Activism – Occupy Hong Kong

On Saturday, October 15th 2011, hundreds of protesters occupied Exchange Square in Central. Since then, dozens of activists have been occupying the space beneath Central’s HSBC building.  Here are a few links to local/international coverage:

  • Tom on Reuters (video), on TVB (video) Sina (press), CRI English (radio) and a longer quote on RTHK 3 (radio) after the Exchange Square protest on 15.10.11.

An unpublished piece I wrote about the relevance of #OWS in Hong Kong…

At a time of deep cuts and austerity measures in Europe and the US, booming Hong Kong is enjoying such a surplus that the government is offering personal US$700 bail-outs to all residents, subsidising electricity bills and allowing families in public housing free rent for 2 months. However, not all is as it seems beneath the Tiger Economy’s glittering skyline.

Last Saturday, over 300 ‘Occupy Hong Kong’ activists gathered at the city’s Stock Exchange. As the freest economy in the world and the third most favoured tax haven, one would doubt that the thriving ‘Capital of Capitalism’ would have seen anything of the Occupy Wall St movement.
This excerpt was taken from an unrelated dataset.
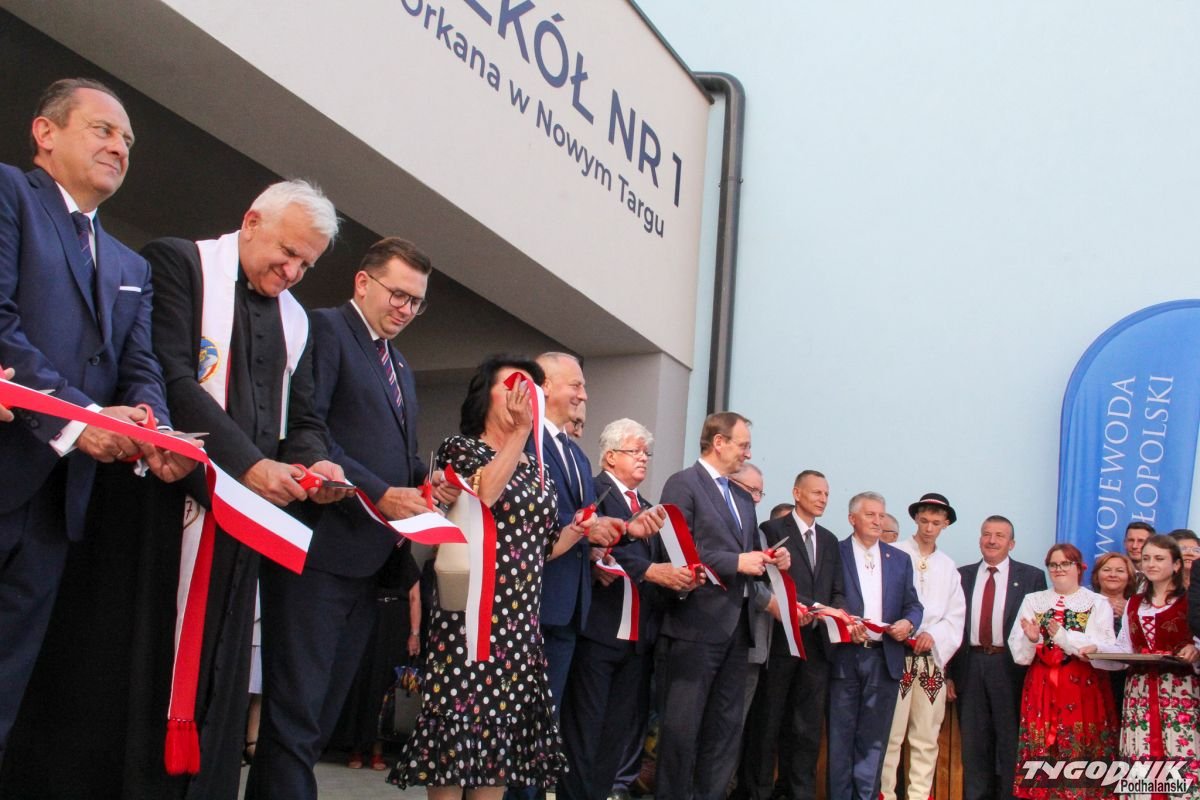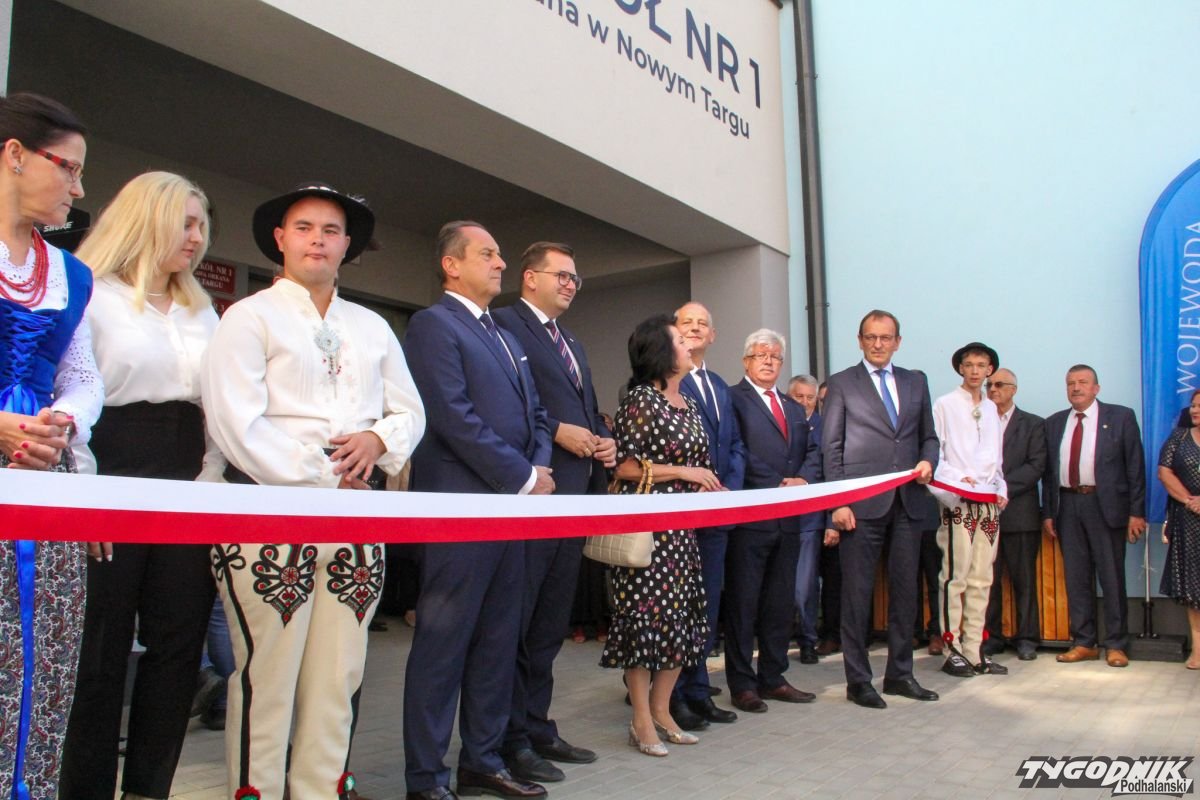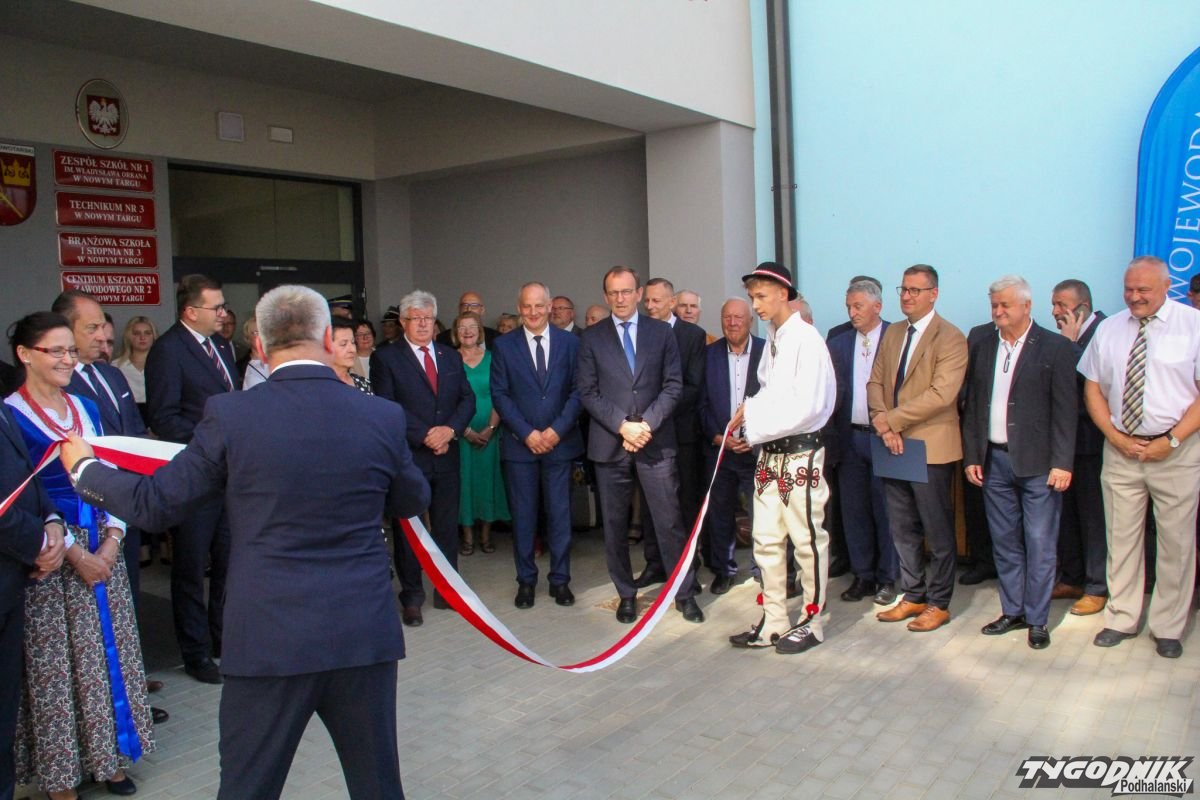 Młodzież co prawda uczy się tu od tygodnia, ale dopiero na dziś udało się uzgodnić odpowiedni termin hucznego otwarcia. A do Nowego Targu zjechali politycy PiS - Anna Paluch, Andrzej Gut - Mostowy oraz Edward Siarka z Suwerennej Polski czyli koalicjanci na wspólnej liście wyborczej. Z nożyczkami w ręku dopchał się też kolejny kandydat rządzącej koalicji - Bogdan Pęk. W jednym szeregu ustawił się też marszałek województwa Łukasz Kmita i lokalni oficjele ze starostą Krzysztofem Faberem na czele.

However, the turnout exceeded all expectations as demonstrators were keen to raise awareness of the territory’s shameful growing income disparity.

Despite producing more millionaires than any other country last year, the ex-British colony also shares the more dubious accolade of ‘widest poverty gap in Asia’. According to the UN Gini Coefficient, which measures income inequality, Hong Kong society rates as the most unequal amongst all highly developed economies. The wealthiest 10 per cent of the populace control more than a third of the city’s income, whilst the bottom 10 per cent share only 2 per cent.

It is a city where an estimated 5000 people live in 15sq foot squalid ‘cage homes’ – tiny shoebox ‘coffins’ subdivided with wire mesh and often shared between more than a dozen other occupants. Not only does Kowloon boast one of the highest population densities in the world but the property rental market is also the world’s most expensive, with the poorest actually paying more per square foot than those in lavish apartments.

It is a city which features the world’s highest per capita ownership of Rolls-Royces – yet luxury cars are almost as common sight as the elderly people forced to rummage through bins in search of items they can sell to recyclers. With little in the way of welfare, these workers, mostly old women, have a median income of just US$40 per month and often labour throughout the intense summer heat.

Although many Hong Kongers have prospered in recent years, it is these ongoing injustices and the widening rich-poor gap that motivated many to hit the streets in solidarity with the global ‘Occupy’ movement. Making headlines around the world, and dominating local news reports, gatherings have been attended by individuals, unions, political parties and activist groups. Protesters – many of them expatriates – have since moved their tents, placards and resource centers to the HSBC headquarters. Known to most as simply ‘The Bank’, HSBC has arguably profited from the international financial turmoil.

In 2009 G20 nations met to name and shame tax havens that did not comply with international standards of transparency. The sanctions and action plan were flimsy at best, yet Chinese premier Hu Jintao managed to persuade his French counterpart, Nicolas Sarkozy, to exempt China’s autonomous Special Administrative Regions (SARs) from the blacklist. Since then, companies have flocked to the Asian banking hub in order to escape tax obligations at home.

The Tax Justice Network, a British NGO which opposes tax loopholes and campaigns for a level playing field, ranked the territory towards the top of its secrecy scale with a score of 73 out of a potential 100. In its ‘Mapping Financial Secrecy’ investigation, it reported that the SAR must do more to “deter illicit financial flows… originating from tax evasion, aggressive tax avoidance practices, corrupt practices and criminal activities”.

Hong Kong remains a microcosm for the problems highlighted by the wider ‘Occupy’ movement. Against a backdrop of an ever-widening poverty gap, there has been little by way of reform or new regulation against the sector responsible for the meltdown. The city is almost solely reliant on the financial industry, and – although it has fared better than most since the 2008 crash – the rich have continued to grow wealthier and the poor have become further impoverished. If it is true, as analysts predict, that the world now stands on another precipice overlooking a second deep recession, the movement will undoubtedly be galvanised both here and abroad. At least for the poor of Hong Kong, the hope which this new wave of resistance offers could not be more well-timed.